WHAT YOU SHOULD DO: Pictures are to be dropped from the copy. Retype the listing exactly.

DATA SHOWN:
____

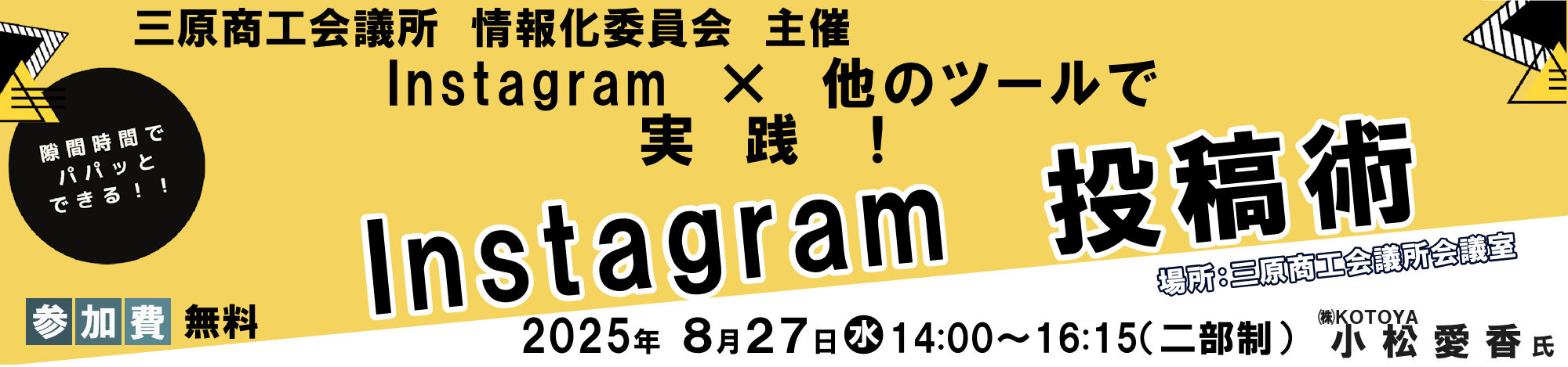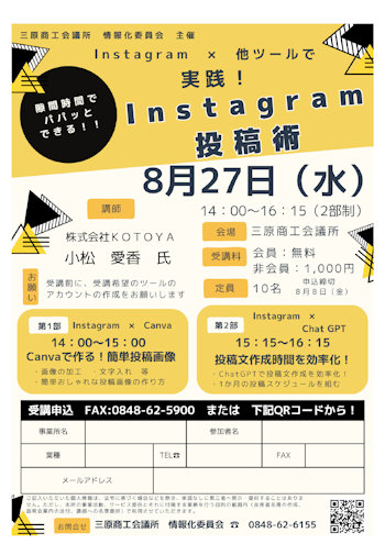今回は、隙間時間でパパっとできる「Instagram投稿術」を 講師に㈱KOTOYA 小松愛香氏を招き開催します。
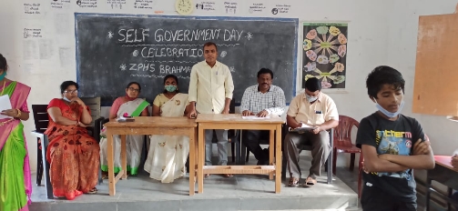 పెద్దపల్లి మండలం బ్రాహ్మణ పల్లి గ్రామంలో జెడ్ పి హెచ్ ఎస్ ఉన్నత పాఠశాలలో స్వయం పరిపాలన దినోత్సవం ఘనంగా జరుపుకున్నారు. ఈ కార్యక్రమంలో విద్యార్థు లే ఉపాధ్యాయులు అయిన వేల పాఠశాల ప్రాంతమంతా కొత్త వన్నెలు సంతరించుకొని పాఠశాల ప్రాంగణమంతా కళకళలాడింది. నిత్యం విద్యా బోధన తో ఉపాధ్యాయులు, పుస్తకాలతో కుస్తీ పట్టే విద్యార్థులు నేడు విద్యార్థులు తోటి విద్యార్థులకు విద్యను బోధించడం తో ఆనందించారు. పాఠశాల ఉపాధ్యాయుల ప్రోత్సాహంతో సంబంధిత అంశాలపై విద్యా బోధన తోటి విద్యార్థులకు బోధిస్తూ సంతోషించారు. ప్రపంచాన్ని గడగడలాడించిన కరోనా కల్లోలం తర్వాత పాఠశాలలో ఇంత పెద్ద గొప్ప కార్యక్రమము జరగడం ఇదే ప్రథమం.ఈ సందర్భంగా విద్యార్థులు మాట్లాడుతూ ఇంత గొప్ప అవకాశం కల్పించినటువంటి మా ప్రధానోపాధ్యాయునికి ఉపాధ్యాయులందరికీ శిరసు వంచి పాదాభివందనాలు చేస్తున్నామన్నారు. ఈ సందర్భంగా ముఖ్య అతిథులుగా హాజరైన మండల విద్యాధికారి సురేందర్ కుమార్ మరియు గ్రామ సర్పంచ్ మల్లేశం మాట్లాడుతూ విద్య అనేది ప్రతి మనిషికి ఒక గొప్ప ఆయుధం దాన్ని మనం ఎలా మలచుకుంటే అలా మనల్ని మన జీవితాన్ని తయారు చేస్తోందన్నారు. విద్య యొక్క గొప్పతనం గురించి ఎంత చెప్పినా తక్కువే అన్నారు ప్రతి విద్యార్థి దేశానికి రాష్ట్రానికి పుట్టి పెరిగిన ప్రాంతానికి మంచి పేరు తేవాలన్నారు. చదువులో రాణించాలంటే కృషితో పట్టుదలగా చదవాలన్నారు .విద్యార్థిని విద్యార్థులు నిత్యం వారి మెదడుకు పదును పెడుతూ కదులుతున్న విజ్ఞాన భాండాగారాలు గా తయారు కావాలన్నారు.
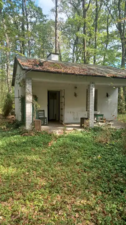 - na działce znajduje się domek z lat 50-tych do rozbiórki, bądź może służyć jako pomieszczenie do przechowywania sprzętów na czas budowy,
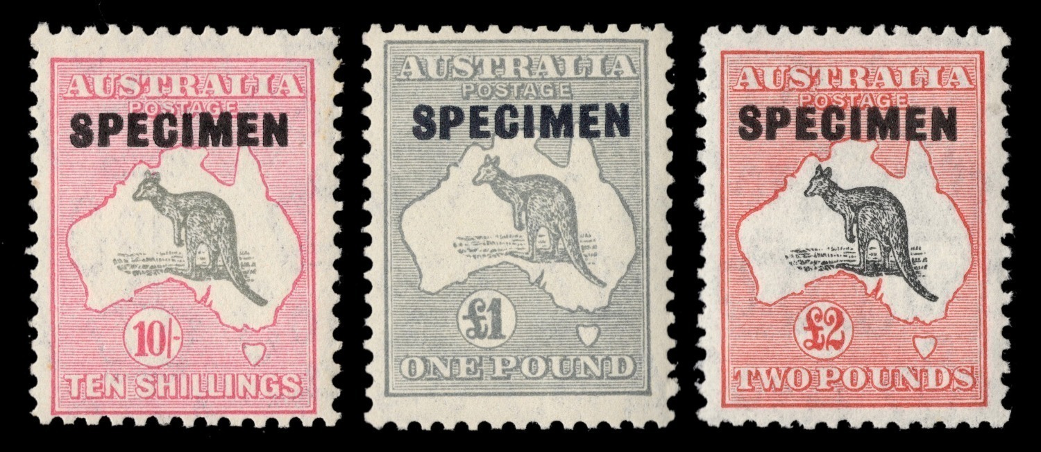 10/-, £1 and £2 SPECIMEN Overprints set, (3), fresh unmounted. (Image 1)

____

EXERCISE SOLUTION:
今回は、隙間時間でパパっとできる「Instagram投稿術」を 講師に㈱KOTOYA 小松愛香氏を招き開催します。
 పెద్దపల్లి మండలం బ్రాహ్మణ పల్లి గ్రామంలో జెడ్ పి హెచ్ ఎస్ ఉన్నత పాఠశాలలో స్వయం పరిపాలన దినోత్సవం ఘనంగా జరుపుకున్నారు. ఈ కార్యక్రమంలో విద్యార్థు లే ఉపాధ్యాయులు అయిన వేల పాఠశాల ప్రాంతమంతా కొత్త వన్నెలు సంతరించుకొని పాఠశాల ప్రాంగణమంతా కళకళలాడింది. నిత్యం విద్యా బోధన తో ఉపాధ్యాయులు, పుస్తకాలతో కుస్తీ పట్టే విద్యార్థులు నేడు విద్యార్థులు తోటి విద్యార్థులకు విద్యను బోధించడం తో ఆనందించారు. పాఠశాల ఉపాధ్యాయుల ప్రోత్సాహంతో సంబంధిత అంశాలపై విద్యా బోధన తోటి విద్యార్థులకు బోధిస్తూ సంతోషించారు. ప్రపంచాన్ని గడగడలాడించిన కరోనా కల్లోలం తర్వాత పాఠశాలలో ఇంత పెద్ద గొప్ప కార్యక్రమము జరగడం ఇదే ప్రథమం.ఈ సందర్భంగా విద్యార్థులు మాట్లాడుతూ ఇంత గొప్ప అవకాశం కల్పించినటువంటి మా ప్రధానోపాధ్యాయునికి ఉపాధ్యాయులందరికీ శిరసు వంచి పాదాభివందనాలు చేస్తున్నామన్నారు. ఈ సందర్భంగా ముఖ్య అతిథులుగా హాజరైన మండల విద్యాధికారి సురేందర్ కుమార్ మరియు గ్రామ సర్పంచ్ మల్లేశం మాట్లాడుతూ విద్య అనేది ప్రతి మనిషికి ఒక గొప్ప ఆయుధం దాన్ని మనం ఎలా మలచుకుంటే అలా మనల్ని మన జీవితాన్ని తయారు చేస్తోందన్నారు. విద్య యొక్క గొప్పతనం గురించి ఎంత చెప్పినా తక్కువే అన్నారు ప్రతి విద్యార్థి దేశానికి రాష్ట్రానికి పుట్టి పెరిగిన ప్రాంతానికి మంచి పేరు తేవాలన్నారు. చదువులో రాణించాలంటే కృషితో పట్టుదలగా చదవాలన్నారు .విద్యార్థిని విద్యార్థులు నిత్యం వారి మెదడుకు పదును పెడుతూ కదులుతున్న విజ్ఞాన భాండాగారాలు గా తయారు కావాలన్నారు.
 - na działce znajduje się domek z lat 50-tych do rozbiórki, bądź może służyć jako pomieszczenie do przechowywania sprzętów na czas budowy,
 10/-, £1 and £2 SPECIMEN Overprints set, (3), fresh unmounted. (Image 1)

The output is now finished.